Что именно произошло тут несколько дней назад, не знал никто. Думать и гадать было бессмысленно. Выводы делать некому и незачем. Город разрушен, охвачен догорающими пожарами и на первый взгляд пуст. Хотелось верить, что войска гражданской обороны эвакуировали всех людей в более безопасное место, но что-то мне подсказывало, с началом войны каждый спасал только себя самого. Жители остались здесь, навсегда превратившись в незримые тени, затаившиеся в самых темных и дальних уголках разрушенных домов. Каждый наш шаг сопровождался холодным, невидимым ударом в спину. Десятки, сотни резких взмахов рук, и через секунду сердце, пробитое насквозь, замирает, пораженное стальной смертью. За нами наблюдали, нас изучали, боялись и ненавидели. Жизнь оказалась несправедливой штукой. Кому-то все, а кто-то кашляет кровью, корчась в предсмертной агонии где-то в подвале. У нас сейчас оружие, а значит – мы сильнее. Но может наступить такой момент, когда автоматы не помогут, не спасут, не оградят от опасности. Колесо времени не остановилось после Катастрофы. Эволюция продолжит шагать по земле, природа найдет способы защиты, научиться не боятся оружия. Я всматривался в каждое окно, каждый проем, надеясь увидеть малейшее движение. Но тщетно. Никого. Наверное, это даже к лучшему.

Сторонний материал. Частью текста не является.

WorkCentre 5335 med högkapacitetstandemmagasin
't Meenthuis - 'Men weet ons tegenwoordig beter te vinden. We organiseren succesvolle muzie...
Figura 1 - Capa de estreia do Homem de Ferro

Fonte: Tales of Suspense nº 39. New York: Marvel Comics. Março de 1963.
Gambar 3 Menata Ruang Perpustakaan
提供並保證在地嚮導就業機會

- Жуть какая, прямо фильм «Обитель зла», не хватает только полчища зомби, которым не терпится нас сожрать, - пошутил Андрей. Но никто никак не отреагировал, ничего не ответил.
Туман нехотя расступался перед нами, обнажая покалеченные улицы. Мародеры уже успели тут похозяйничать. Витрины магазинов разбиты, а прилавки пусты. Большинство машин сожжено или растащено по частям. На перекрестках аварии. Кругом следы крови. Даже в последние дни человечества люди падки на легкую добычу. Бытовая техника, автомобильные запчасти, какие-то аксессуары для интерьера… Зачем все это брать, если элементарно некуда нести. Трупы не оценят ваши старания, уважаемые воры, им из этого ничего не надо. Вся жизнь в одночасье развалилась, словно карточный домик, кругом руины: снаружи, внутри, в голове пепел и копоть. Впору стреляться, да только жить хочется. Ужасно, невыносимо, мучительно, но все же хочется.

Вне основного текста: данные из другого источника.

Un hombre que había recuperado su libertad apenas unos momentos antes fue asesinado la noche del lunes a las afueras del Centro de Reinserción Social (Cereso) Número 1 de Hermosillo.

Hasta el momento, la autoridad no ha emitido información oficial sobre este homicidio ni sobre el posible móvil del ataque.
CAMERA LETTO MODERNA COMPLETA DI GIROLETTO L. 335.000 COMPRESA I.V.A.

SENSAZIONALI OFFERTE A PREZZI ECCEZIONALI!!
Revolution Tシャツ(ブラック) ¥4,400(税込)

- Кажется, я что-то слышу, - произнес я.
Группа остановилась. Откуда-то справа, со стороны жилого дома, доносилось едва различимое чавканье. Сняв автоматы с предохранителя, мы пошли на звуки. Обогнув зеленый металлический забор, ограждающий мусорные баки, мы вышли на небольшую забетонированную площадку, в центре которой стояла свора собак и что-то ела.

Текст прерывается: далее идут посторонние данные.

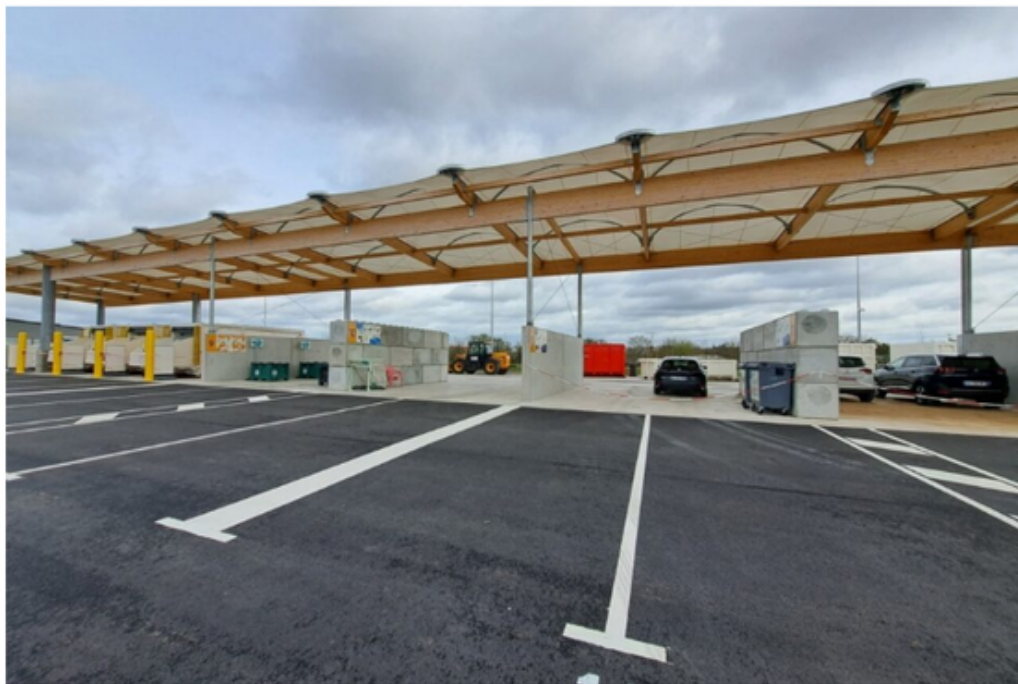
La nouvelle déchèterie de Colombelles.

La nouvelle déchèterie de Colombelles (Calvados), ouvre ses portes aux particuliers comme aux professionnels lundi 18 mars 2024, avec quelques nouveautés.

- Не шумим, - прошептал старший лейтенант. – Не выпускаем стаю из поля зрения и потихоньку отходим.
- Подождите, - вмешался Андрей. – Там… там человек.
- Где?
- На месте пиршества…
Как можно тише мы переместились на несколько шагов в сторону. Трудно сказать, что это были за собаки. Сейчас уже породу не определишь, да и была ли она у них когда-нибудь, просто дворняги, вечно голодные, злые, всеми гонимые. Выглядели они, мягко говоря, потрепанными. Шерсть местами практически вся повылезла, тела покрыты многочисленными язвами, сочащиеся кровью вперемешку с какой-то белой жидкостью.
Свора нас учуяла. Тишину улиц разрезало злобное рычание. Не спеша, одна за другой, собаки начали разворачиваться, показывая вымазанные в крови морды. Дружелюбными их было трудно назвать.
Прогремел выстрел. В воздух. Собаки отступили на несколько шагов назад, скаля пасти, но убегать не собирались. Некоторые из них едва заметно присели, готовясь к прыжку. Только сейчас мы внимательно рассмотрели, что ели собаки. Это был действительно человек. Мужчина. Разорванный на куски. Меня чуть не стошнило, я инстинктивно отвернулся.
- Да что же это такое… - сквозь зубы сказал я.
- Их надо пристрелить, - вмешался кто-то.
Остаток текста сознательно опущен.